To me, if you are lazily using the default string representation and just expecting 100% fidelity, then you aren't a very good programmer. To support that stance we'd have to make tabs be printed as \t and most sting values to be printed with quotes around them. Producing a representation that can preserve with perfect fidelity is simply not the purpose of print.

During a recent period when the difference between stored accuracy and default displayed accuracy was less, we got tons of complaints because the result of code like:

my $x = 0; for( 1..100 ) { $x += 0.01; # ... } print $x, $/;

was not a nice "0.5" but "0.5000000000000002". Your plan would make it produce "0.50000000000000022".

People just wanting to get a reasonable representation of a rather mundane value are who the behavior of a plain print should be catered to. People who can't stand miscounting one grain of sand on their huge beach are a much better choice for who needs to do a tiny bit of extra work.

- tye        

Replies are listed 'Best First'.
Re^5: Variables are automatically rounded off in perl (audiences)
by oiskuu (Hermit) on Jul 23, 2016 at 14:38 UTC

    The notion that one grain of sand on a beach is not important, but one hundred are, is dubious to say the least.

    perl -le '$x += 0.1 for 1..100; print $x;'

    There are couple of points to make. First: it's not about print really. It's about stringification. Perl scalars can get pPOK from "action at a distance"; and stringification is currently lossy.

    Someone scientifically minded will of course understand the caveats of floating point, but at the same time expect roundtrip accuracy. The numbers must convert back and forth from text to internal representation. This caters to human audiences; to suggest hexdumps or similar would fly in the face of your own argument. Why would you insist people need to go out of their way to have their numbers stringify correctly?

    Frankly, this sounds like you are discouraging perl use for scientific work ("the wrong tool"). Also reminds me of the definition π = 22/7 ("correct for all practical purposes").

    Update. Uh, and a link to one of the curiosities: shortest round-tripping.

    Update2. Here's a better demonstration of the WTF equality problem.

    #! /usr/bin/perl -wl my @input = qw( 3335.9999999999995 3336.0000000000000 ); my @nums = map 0+$_, @input; sub uniq_count { int keys %{{map {$_ => 1} @_}} } print "The numbers are:"; printf " %.16e\n", $_ for @nums; printf "A set of %d different value(s)\n", uniq_count(@nums);

    And yes, this also affects Memoize, FWIW.

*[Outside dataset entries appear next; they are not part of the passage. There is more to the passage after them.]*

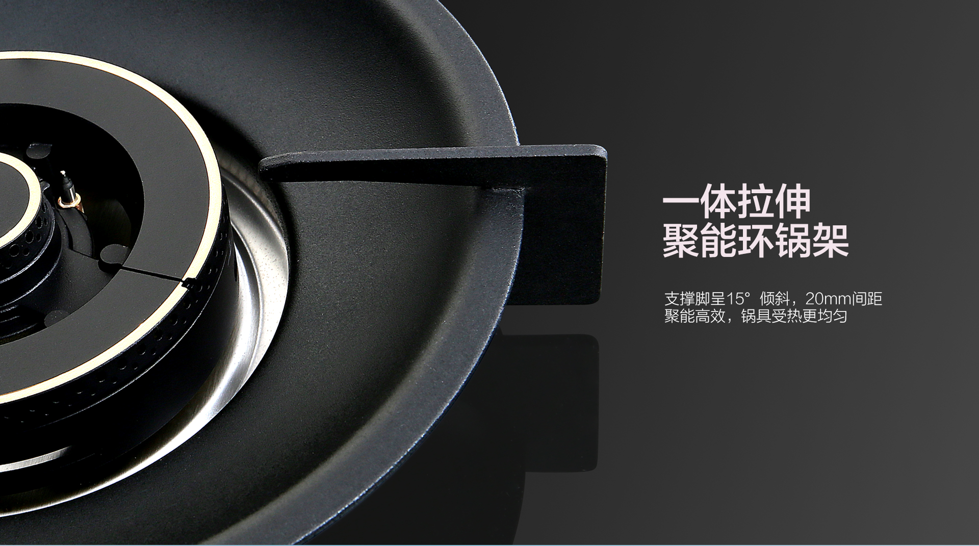 ◆一體拉伸聚能環(huán)鍋架,支撐腳呈15°傾斜,20mm間距,聚能高效,鍋具受熱更均勻!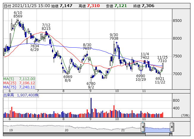 <7089> フォースタートアップス 5400 -430 ( -7.4%)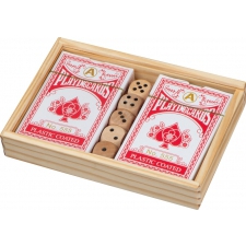 Dwie talie kart oraz zestaw kości do gry w drewnianym opakowaniu.

      The notion that one grain of sand on a beach is not important, but one hundred are, is dubious to say the least.

      My argument was actually that 1 grain of sand on a huge beach is almost never important. I made no statement about how many grains of sand result in what other level of importance. And I don't hear you refuting the claim that one grain of sand on the beach is almost never important (and so people dealing with such situations should expect to have to do a tiny bit of extra work). And I doubt anybody will argue with an assertion that the first significant bit is almost always important. There is, of course, no clear "line" where the bits on one side of the line are clearly important while those on the other side are clearly not important. Yet, in a 'double', we have at least 1 bit that almost always matters and at least 1 bit that almost never matters.

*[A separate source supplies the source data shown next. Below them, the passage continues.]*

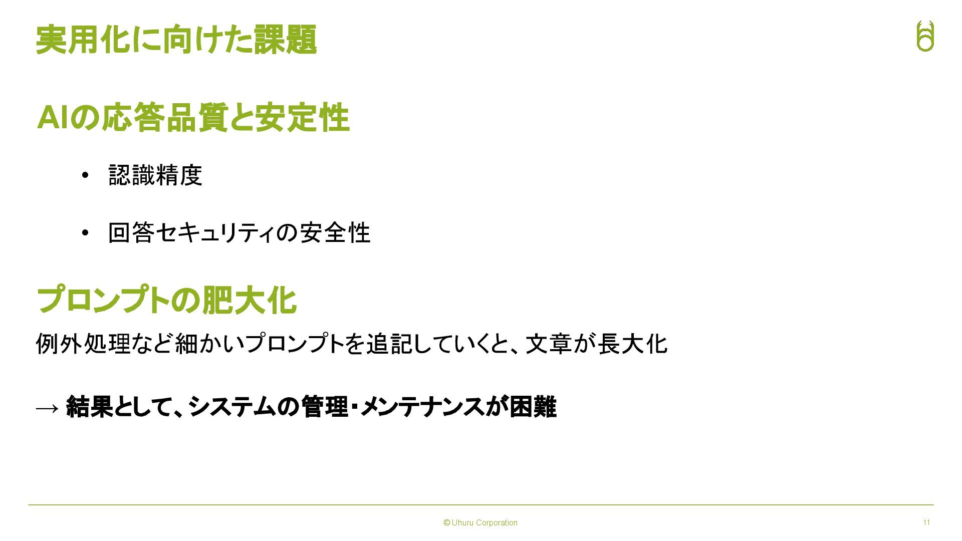 © Uhuru Corporation AIの応答品質と安定性 • 認識精度 • 回答セキュリティの安全性 プロンプトの肥大化 例外処理など細かいプロンプトを追記していくと、文章が長大化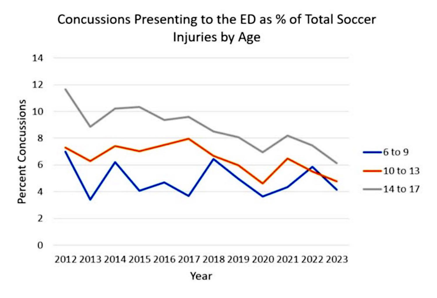 Sullivan GR, Lin E, Hoffer A , Richardson M, Chhabra A. Pediatric Concussion Injuries in Soccer: Emergency Department Trends in the United States from 2012 to 2023. Presented at 2025 Annual Meeting of the American Academy of Orthopaedic Surgeons. San Diego, CA: March 10-14, 2025.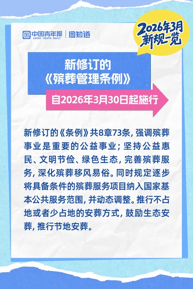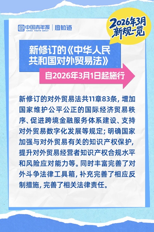 新修订的对外贸易法促进跨境金融服务体系建设,新修订的《殡葬管理条例》强调公益惠民,直播电商食品安全有据可依,未成年人网络信息分类管理……2026年3月,这些新规正式施行,件件关乎你我生活。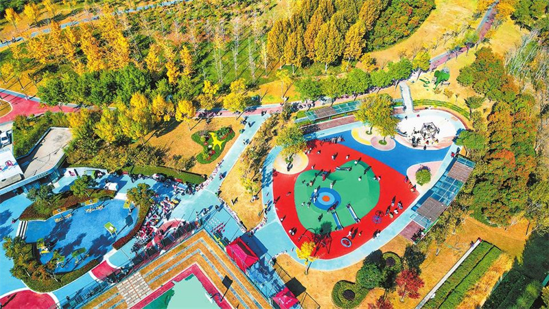 郑州高铁公园风景林带美丽的冬季景观引人入胜(12月1日摄)。高铁公园位于郑东新区龙湖与龙子湖板块的中轴,面积约5000亩,是郑东新区生态环廊的重要组成部分,在铁路沿线打造出一条四季风景林带。大河网-河南日报 记者 聂冬晗 摄

      First: it's not about print really. It's about stringification.

      Sure, I was talking about the default stringification which I sometimes referred to as 'print' as a shortcut.

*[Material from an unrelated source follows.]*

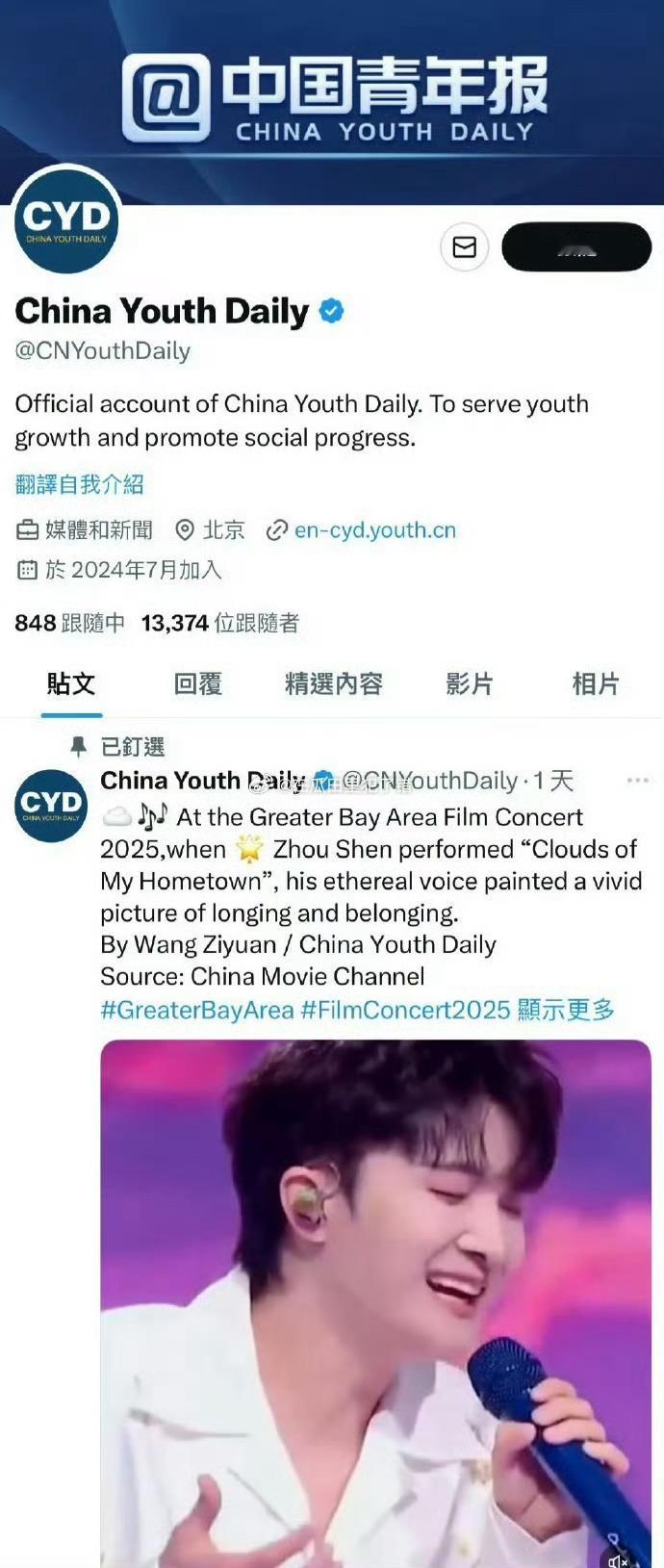 China Youth Daily报道 在X上也置顶了周深湾区升明月舞台 ​​​

      Perl scalars can get pPOK from "action at a distance"; and stringification is currently lossy.

      Certainly stringification can happen for subtle reasons. You seem to be implying that you can get a loss of precision due to "action at a distance". No, stringification is not lossy in that way. What is lossy is taking the default stringification and then converting that back to a number. A Perl scalar getting stringified does not cause any loss of precision in that scalar (the original numeric value remains along side the stringification).

      Frankly, this sounds like you are discouraging perl use for scientific work

      Perhaps you jumped to that conclusion because you thought that Perl's default stringification could cause numeric values to lose precision due to "action at a distance"? I certainly was not arguing that Perl is inappropriate for scientific work. I was making the point that just pasting the default stringification output from one set of calculations as input to another set of calculations can be inappropriate in scientific work. But then, my experience is that scientists are aware of this. Though, most scientists are calculating how many significant bits they can claim from their calculations and those are almost always quite a bit fewer than 15 anyway (even 15 digits of accuracy in the measurements going in to the calculations is almost unheard of in science in my experience).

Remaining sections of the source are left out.